How can one then model the dynamical behaviours of biological systems? A highly effective way forward is to model the flow of noisy information available to biological systems. Their dynamical behaviours can logically be derived from the techniques of stochastic filtering and signal detection.
That is, mathematical techniques of signal detection is the most suited method to model dynamical systems driven by signal detection.
Perhaps a much less intuitive obserrvation is that dynamical equations governing the evolution of a broad class of quantum systems likewise are equations for optimal signal detection, and there are reasons to believe that all quantum dynamics may be governed by underlying information-processing capabilities of fundamental particles. A particle immersed in an environment, energetically interacting with particles in the environment, will follow an energetically preferred dynamics --- but this requires the particle to extract information about the conditions of the environment, and at a quantum level this information is necessarily noisy.
Hence the most efficient way forward is to conduct optimal signal processing, leading to quantum dynamics.
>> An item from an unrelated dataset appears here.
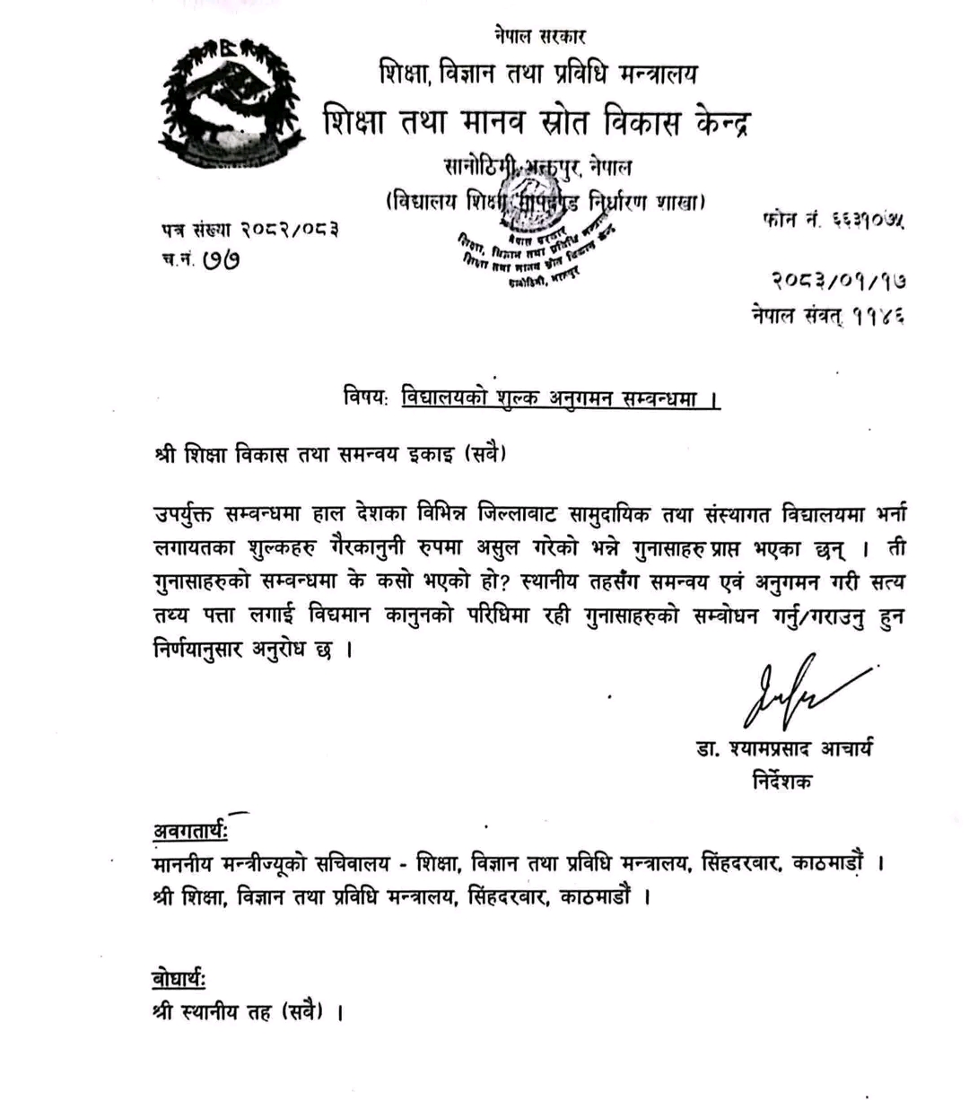 केन्द्रले जारी गरेको पत्रमा विद्यालयहरूले कानुन विपरीत शुल्क लिएको सम्बन्धमा विभिन्न जिल्लाबाट गुनासो आएको उल्लेख गर्दै स्थानीय तहसँग समन्वय गरी सत्यतथ्य बुझ्न र प्रचलित कानुनको परिधिभित्र रही समस्या समाधान गर्न आग्रह गरिएको छ ।

In other words, nature is highly efficient.
The observation that both quantum and biological dynamics are governed by underlying signal detection problems is striking, leading to the hypothesises that optimal signal detection capability is fundamental to laws of nature, and that dynamical equations governing the evolution of quantum systems can, mutatis mutandis, applied to model dynamical behaviours of biological systems. These ideas, set out in my recent paper (Scientific Report vol. 12, 3042 (2022)), have been applied to model tropic motions of green plants, and they will be developed further in this research programme to explore ways to test the models, to analyse dynamical behaviours of other biological systems, and to reach out biological researchers, with the view towards making a significant contribution to understanding dynamical behaviours of biological systems.
Along the way, new mathematical insights can be gained on certain types of stochastic equations admitting quantum-mechanical characteristics.